It's a lovely way to SEE how to put radical acceptance, mindfulness, and somatic attention INTO practice for myself, when I need it most. When I need it most my limbic system is in charge, and denying access to higher brain thinking. Trying to think my way through seems logical, but it's impossible...
until...
I put my finger on my nose, breath into the bottom of the vase at the bottom of my diaphram, then fill
that
vase.
Slowly....
then release the air...
slowly, and tune into what I feel inside...
put my hand on it.....
name it, and search for the feeling under it.
Or not.
It's the breathing into it.... breathing space into that tightness....
providing expanding space around it....
paying attention to the space beside me, above me, below me, and occupying it.... bringing it inside.
And then I notice the tightness in my chest and abdomen eases up. The strangling feelings in my throat soften and receed. Space is around and in that area, and it's so
much
better.
I have to remember to put the stories on the shelf, and breath self compassion into that space. There's no room for stories here.... just being here.... being home.... now.
Today I practice what I want for my tomorrow.
If I want anxiety, and sadness, I practice those things today.
If I want relief, spaciousness, and a functional life....
I breath, pay attention to my inner world, embrace it all, good, bad and ugly, and name it.

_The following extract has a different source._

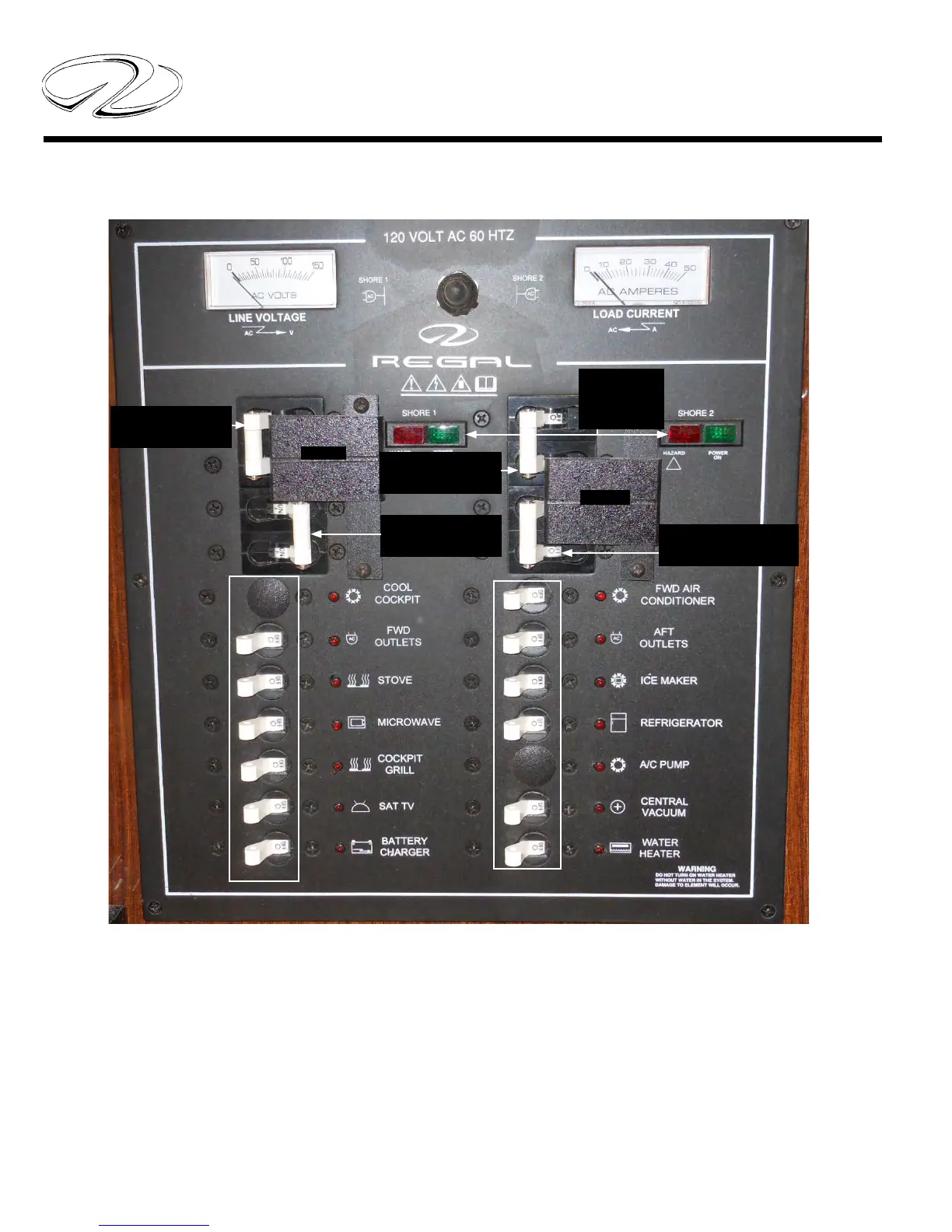 The typical main AC 120 volt control panel is located at

Invite it in, which is familiar, and helpful in the past, but NOW I understand why, and where it's leading. It's the next step to overcoming the fight or flight shut down, spiral, static, chaos.... and shifting OUT of it.
Understandig the shift. Understanding things will get better, and I have control over it is really helpful.
Understanding lasting change can happen in between 1 to 2 months... helps.
I don't have to start over again and again and again. I can build on what I've got, and wire new pathways forever. They'll be mine, and it's like a rock's been moved from a tiny stream. The trickle CAN get through, but I can't let the rock roll back into it's comfortable place.
The PAT..... again.... Postive Affect Tolerance. There's a default setting of vigilance, and anxiety that has to be identified, embraced, and soothed, until I replace it.... until I can cultivate default settings I'm happy with.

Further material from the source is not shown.